Funding Circle to Quit Variable Rate Loans


Peer to Peer Lending remains a very volatile marketplace with constant revisions to platform function and design.  For example, Saving Stream have recently added the very useful pre-funding of loans facility so you don’t pay until AFTER the loan is allocated.

Meanwhile, Funding Circle (FC) have announced that in the next few weeks they will no longer offer Variable Rate Loans, where individual lenders can bid for their own interest rate.  FC argues that this change makes the platform easier to use for both borrowers and lenders.

No more Flipping?


However, fixed rates take away much of the enterprise of buying and selling loans on the secondary market.  The practice of ‘flipping’, where you could buy a loan at a high rate of interest and then sell it at a premium, is largely eliminated with fixed rate bidding system.

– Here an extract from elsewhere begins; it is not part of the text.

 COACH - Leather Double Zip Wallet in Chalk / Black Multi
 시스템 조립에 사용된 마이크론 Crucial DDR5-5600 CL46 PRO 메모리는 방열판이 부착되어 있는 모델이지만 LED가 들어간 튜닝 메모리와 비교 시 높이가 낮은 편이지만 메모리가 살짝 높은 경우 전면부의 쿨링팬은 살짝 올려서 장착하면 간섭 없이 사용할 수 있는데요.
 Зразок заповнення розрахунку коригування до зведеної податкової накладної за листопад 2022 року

This was one of the attractions of FC, particularly to financially-savvy, entrepreneurial geeks who enjoyed gaming the platform while providing a useful service by improving liquidity via a good supply of instant loans.  

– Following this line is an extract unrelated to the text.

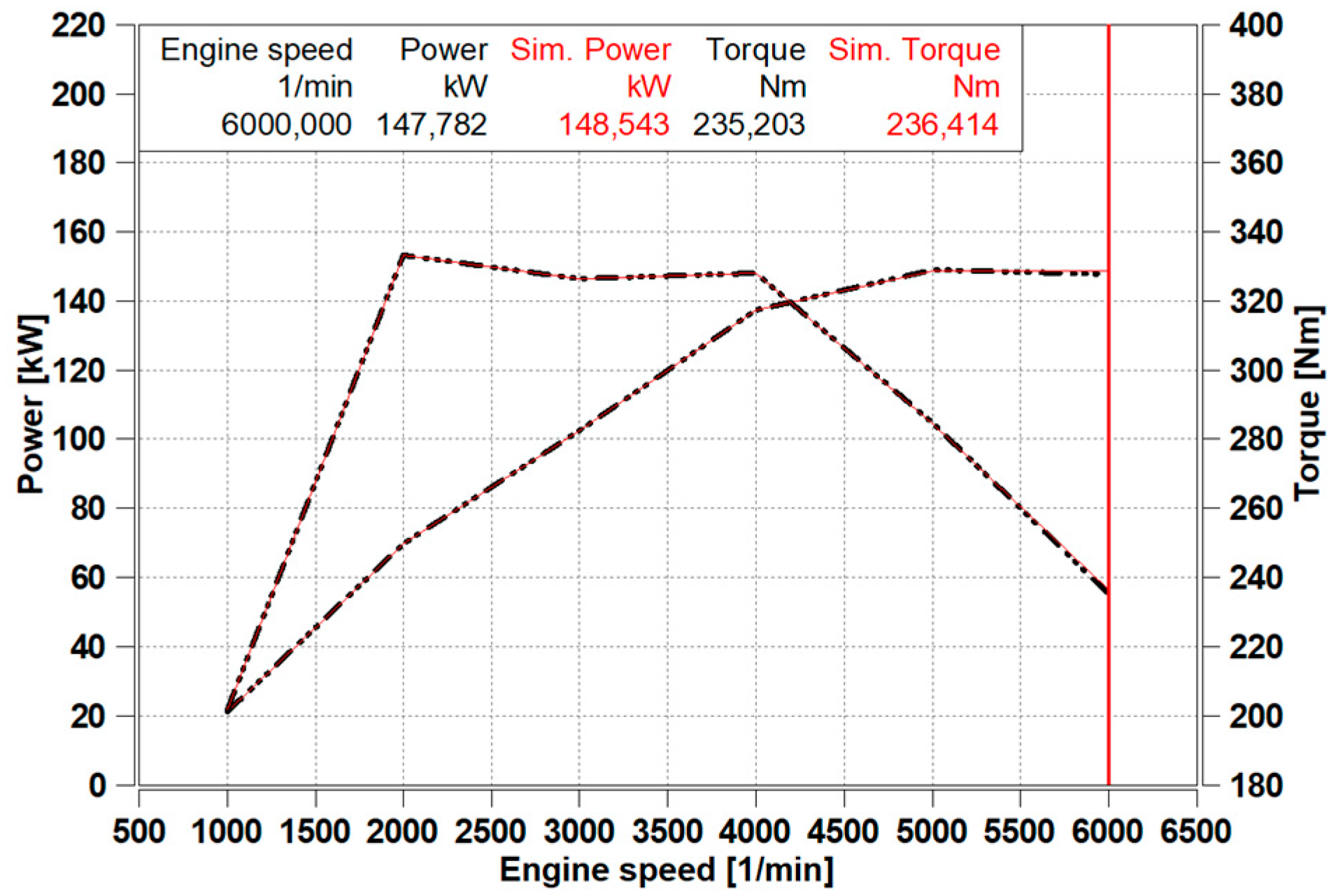 The measured and simulated engine power values are presented in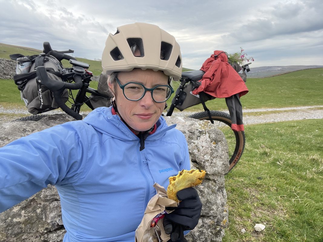 I wore these (ancient) windproof knee sleeves partly to keep me warm and partly to protect my legs from chafing against the bags. I find I tend to brush frame packs, especially with my right knee, and I didn’t want to wear full riding trousers. This was a good compromise, but by the second day they were starting to slip a little, and by the end of the day the gripper was really painful on my thighs. I’d consider it a proof of concept, but would like to try some newer versions to see if they’re more comfortable.

So how will the new platform look? 


Well, the new interest rates being offered appear to be lower than many existing lenders would like, although FC may either add 1% or 2% ‘Cashback’ or shift their rates upwards to fund some larger loans.

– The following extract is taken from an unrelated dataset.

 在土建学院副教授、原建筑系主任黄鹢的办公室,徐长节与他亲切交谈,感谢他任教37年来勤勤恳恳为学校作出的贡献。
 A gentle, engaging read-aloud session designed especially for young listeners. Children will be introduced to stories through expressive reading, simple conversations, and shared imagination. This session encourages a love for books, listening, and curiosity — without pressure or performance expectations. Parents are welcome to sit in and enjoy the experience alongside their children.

The major issue I have with FC is the number of ‘downgraded’ loans and the relatively low level of recoveries.  My effective interest rate is somewhat poorer than the FC prediction.  I’m predicted to be making 8.5% but am currently down to 7.8%.  This can obviously shift up or down depending on future failure of rates or recoveries.  Currently I’ve ‘lost’ over £500 with less than £50 being recovered.

Moving On?


The key thing is that most FC loans are not secured against assets so the chance of a full recovery of capital and interest is relatively low.  Fortunately many of my FC loans can be sold at a premium on the secondary market so I am gradually reducing my exposure the FC in favour of P2P platforms offering better interest rates, secured against material assets such as property, land or artworks.

Asset-Based Platforms


Saving Stream offers 12% across the board on property and Ablrate offer 14% on shipping containers while Funding Secure offer a range of interest rates, mainly on property with rates of typically 12-13%.  The trouble is, these asset-based loans are increasingly popular and the demand for new loans is not being fully met. This is NOT helped by FC putting the brakes on their own secondary market and driving their more discerning lenders to other platforms!    

Friday 11 September 2015

Assetz Capital – yet another new account, the Quick Access Account



Assetz Capital is a site that it full of innovation but the way the site works is complex and sometimes unpredictable.  The latest account is the Quick Access Account (QAA).  This joins the Cash account, Manual Loan Investment Account, Green Energy Income Account and the Great British Business Account.  Yes, that’s FIVE accounts in total, including the cash account.

QAA


The QAA offers (almost) instant access to funds, is secured by a provision fund and has an interest rate of 3.75%.  The clever thing is that as new loans come online or existing loans, specified by the lender, become available, money is automatically transferred from the QAA to one or more of the other accounts.  In other words, Assetz are offering 3.75% interest on cash that would otherwise be parked (with no interest) in the Cash Account.

In the Lab?


For me, Assetz is a kind of laboratory experiment, a prototype or beta site but with real money and real loans.  It reminds me, in some ways, of Funding Circle with its complex secondary market and the ability to bid for your own interest rate.  Mind you, bidding for varied rates on FC will soon be a thing of the past. FC are shortly going over to fixed rates only so the ‘flippers’ and their ‘bots’ will need to find a new home!  More of FC and fixed rates in a future post.

Where am I with Assetz?


I've got bits of cash in the 4 accounts and wait with INTEREST, hopefully 3.75%, 7% or more (Manual Loan Investment Account), to see what cash ends up where and when! Anyway, I look forward to putting more money into Assetz, if and when the algorithms get sorted out and the flow of new loans increases, and I can fully understand what the platform is doing with my cash!